--- PROVIDED RECORDS ---

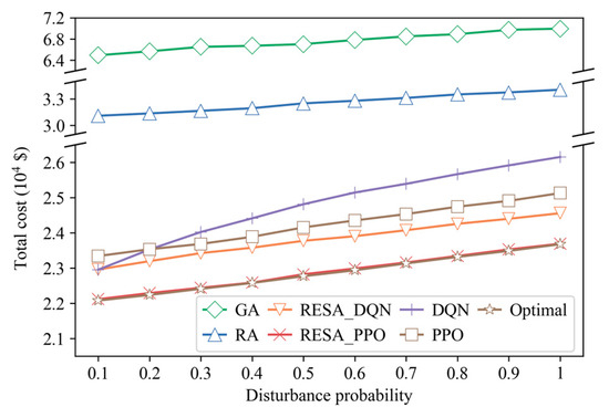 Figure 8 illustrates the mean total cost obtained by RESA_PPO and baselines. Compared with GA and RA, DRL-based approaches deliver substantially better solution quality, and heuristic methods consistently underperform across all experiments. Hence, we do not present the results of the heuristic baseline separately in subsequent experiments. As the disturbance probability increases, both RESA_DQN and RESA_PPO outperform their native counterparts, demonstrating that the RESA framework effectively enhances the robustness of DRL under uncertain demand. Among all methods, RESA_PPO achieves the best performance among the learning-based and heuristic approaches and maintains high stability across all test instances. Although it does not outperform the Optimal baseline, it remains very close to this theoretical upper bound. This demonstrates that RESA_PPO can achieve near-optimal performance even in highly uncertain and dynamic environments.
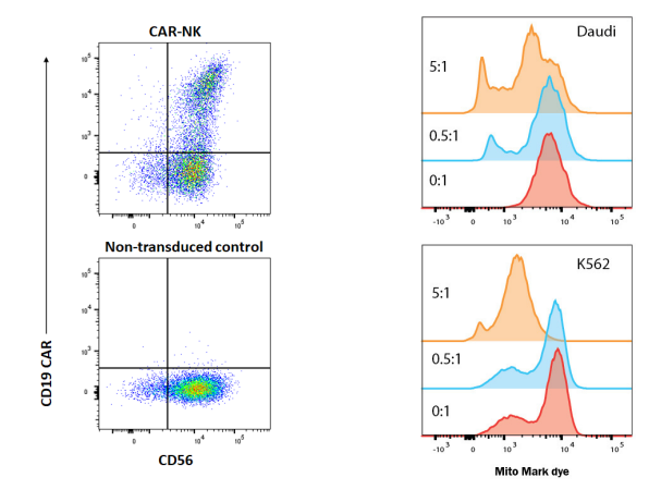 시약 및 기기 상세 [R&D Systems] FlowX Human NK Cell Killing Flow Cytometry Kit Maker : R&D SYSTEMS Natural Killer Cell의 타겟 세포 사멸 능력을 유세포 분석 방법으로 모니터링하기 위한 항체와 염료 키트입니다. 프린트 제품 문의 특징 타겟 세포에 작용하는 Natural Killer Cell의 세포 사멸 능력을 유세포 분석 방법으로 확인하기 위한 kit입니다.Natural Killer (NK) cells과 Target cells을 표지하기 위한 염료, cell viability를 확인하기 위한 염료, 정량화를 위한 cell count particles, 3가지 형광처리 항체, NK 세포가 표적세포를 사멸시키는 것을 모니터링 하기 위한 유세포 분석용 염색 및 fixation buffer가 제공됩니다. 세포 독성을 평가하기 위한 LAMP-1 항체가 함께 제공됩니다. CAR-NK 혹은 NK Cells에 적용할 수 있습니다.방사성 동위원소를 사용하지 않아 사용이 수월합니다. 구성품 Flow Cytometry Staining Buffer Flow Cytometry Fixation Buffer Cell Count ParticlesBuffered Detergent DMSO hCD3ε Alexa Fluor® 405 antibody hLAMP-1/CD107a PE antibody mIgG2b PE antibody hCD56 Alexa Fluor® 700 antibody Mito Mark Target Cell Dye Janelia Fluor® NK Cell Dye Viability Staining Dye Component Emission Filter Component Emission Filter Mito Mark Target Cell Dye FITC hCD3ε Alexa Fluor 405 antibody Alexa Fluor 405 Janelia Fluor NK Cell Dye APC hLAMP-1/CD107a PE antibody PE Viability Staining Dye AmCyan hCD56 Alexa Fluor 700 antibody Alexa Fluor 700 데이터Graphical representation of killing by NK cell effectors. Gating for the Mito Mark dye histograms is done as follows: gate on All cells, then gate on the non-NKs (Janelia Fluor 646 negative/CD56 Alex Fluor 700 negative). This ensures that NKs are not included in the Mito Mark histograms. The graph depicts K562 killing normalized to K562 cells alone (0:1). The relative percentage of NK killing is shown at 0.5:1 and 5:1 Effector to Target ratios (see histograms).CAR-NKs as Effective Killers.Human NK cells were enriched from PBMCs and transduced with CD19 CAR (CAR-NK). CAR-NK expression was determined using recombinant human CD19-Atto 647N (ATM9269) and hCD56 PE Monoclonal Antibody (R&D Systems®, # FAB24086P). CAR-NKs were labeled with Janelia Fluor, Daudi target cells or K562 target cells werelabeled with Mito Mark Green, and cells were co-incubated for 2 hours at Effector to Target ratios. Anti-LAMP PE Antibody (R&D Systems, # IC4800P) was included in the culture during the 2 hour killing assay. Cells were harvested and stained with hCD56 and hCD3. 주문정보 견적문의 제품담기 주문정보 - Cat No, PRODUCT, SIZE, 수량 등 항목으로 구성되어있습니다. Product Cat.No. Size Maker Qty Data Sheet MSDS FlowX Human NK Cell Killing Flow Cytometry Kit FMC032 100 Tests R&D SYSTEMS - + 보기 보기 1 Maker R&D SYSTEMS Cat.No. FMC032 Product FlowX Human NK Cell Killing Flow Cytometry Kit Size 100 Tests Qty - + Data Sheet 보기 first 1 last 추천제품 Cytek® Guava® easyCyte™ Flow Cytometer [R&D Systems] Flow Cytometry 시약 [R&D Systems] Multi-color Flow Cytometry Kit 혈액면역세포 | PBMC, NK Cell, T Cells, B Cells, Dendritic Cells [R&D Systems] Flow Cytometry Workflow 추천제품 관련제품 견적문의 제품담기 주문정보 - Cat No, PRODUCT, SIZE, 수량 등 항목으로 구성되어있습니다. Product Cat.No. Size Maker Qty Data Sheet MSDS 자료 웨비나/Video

---
--- PROVIDED RECORDS ---

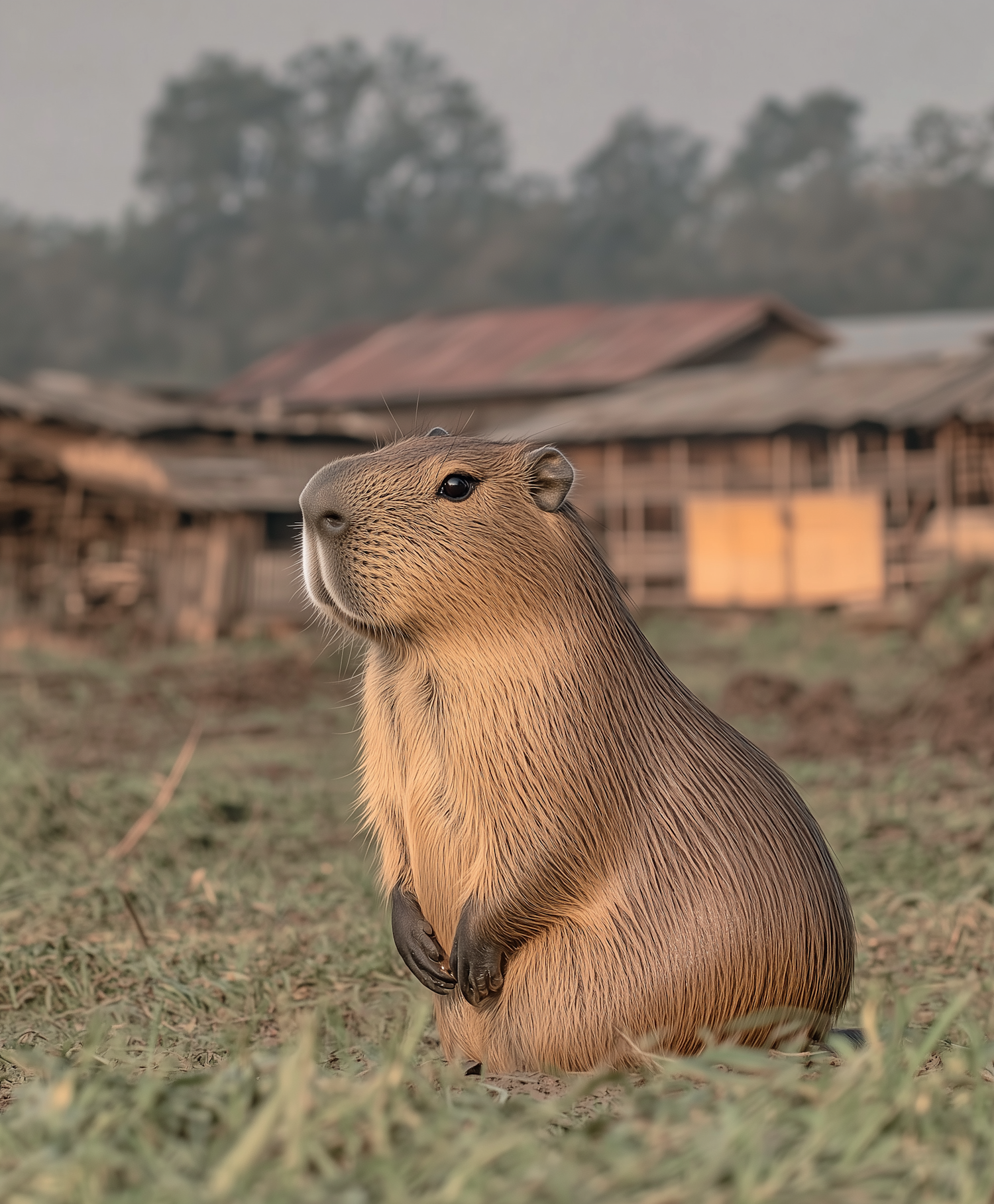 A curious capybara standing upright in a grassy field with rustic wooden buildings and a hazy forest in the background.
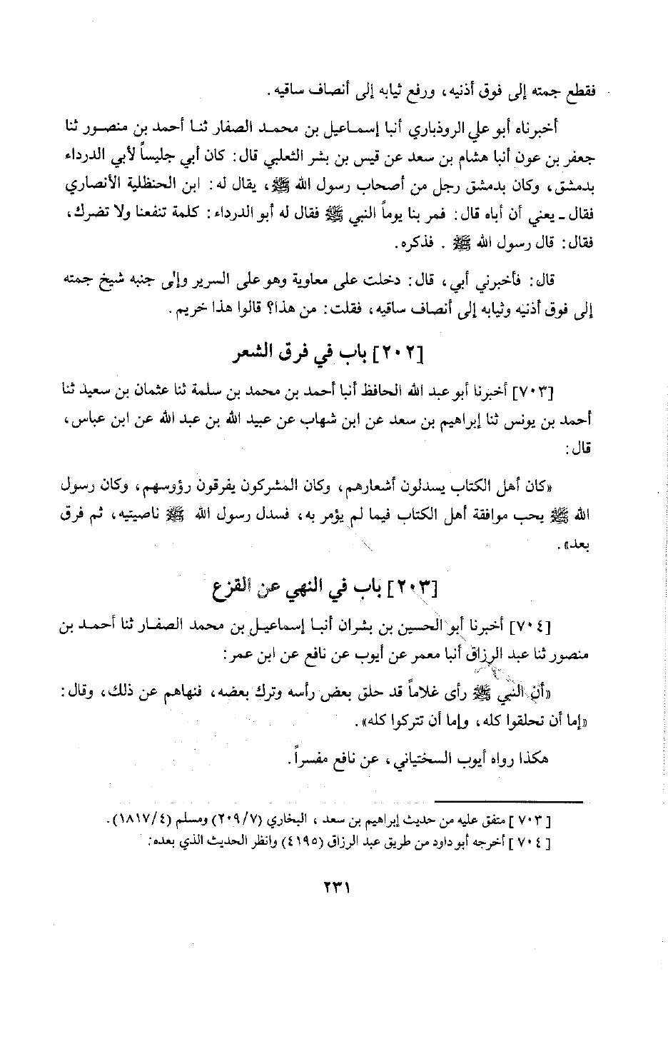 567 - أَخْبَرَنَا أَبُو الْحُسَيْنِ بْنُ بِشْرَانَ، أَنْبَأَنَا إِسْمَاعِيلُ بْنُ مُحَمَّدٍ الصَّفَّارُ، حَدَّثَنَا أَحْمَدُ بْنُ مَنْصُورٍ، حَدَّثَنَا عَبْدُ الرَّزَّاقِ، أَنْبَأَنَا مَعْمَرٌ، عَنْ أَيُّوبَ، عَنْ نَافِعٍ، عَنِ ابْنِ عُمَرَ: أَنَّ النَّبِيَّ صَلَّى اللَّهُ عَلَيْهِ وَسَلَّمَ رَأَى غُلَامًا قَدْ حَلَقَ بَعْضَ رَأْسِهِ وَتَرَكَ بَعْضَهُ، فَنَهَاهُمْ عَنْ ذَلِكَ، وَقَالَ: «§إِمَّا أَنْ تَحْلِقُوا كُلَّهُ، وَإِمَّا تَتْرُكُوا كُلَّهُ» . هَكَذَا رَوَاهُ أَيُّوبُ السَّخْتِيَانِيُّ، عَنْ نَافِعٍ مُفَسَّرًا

---

* PROBLEM DETAILS *
Using the records above, print exactly the run of lines that starts with the line with "A curious capybara" and goes on through the line with "567 - أَخْبَرَنَا", pictures excluded.

* SOLVED PROBLEM *
 A curious capybara standing upright in a grassy field with rustic wooden buildings and a hazy forest in the background.
 567 - أَخْبَرَنَا أَبُو الْحُسَيْنِ بْنُ بِشْرَانَ، أَنْبَأَنَا إِسْمَاعِيلُ بْنُ مُحَمَّدٍ الصَّفَّارُ، حَدَّثَنَا أَحْمَدُ بْنُ مَنْصُورٍ، حَدَّثَنَا عَبْدُ الرَّزَّاقِ، أَنْبَأَنَا مَعْمَرٌ، عَنْ أَيُّوبَ، عَنْ نَافِعٍ، عَنِ ابْنِ عُمَرَ: أَنَّ النَّبِيَّ صَلَّى اللَّهُ عَلَيْهِ وَسَلَّمَ رَأَى غُلَامًا قَدْ حَلَقَ بَعْضَ رَأْسِهِ وَتَرَكَ بَعْضَهُ، فَنَهَاهُمْ عَنْ ذَلِكَ، وَقَالَ: «§إِمَّا أَنْ تَحْلِقُوا كُلَّهُ، وَإِمَّا تَتْرُكُوا كُلَّهُ» . هَكَذَا رَوَاهُ أَيُّوبُ السَّخْتِيَانِيُّ، عَنْ نَافِعٍ مُفَسَّرًا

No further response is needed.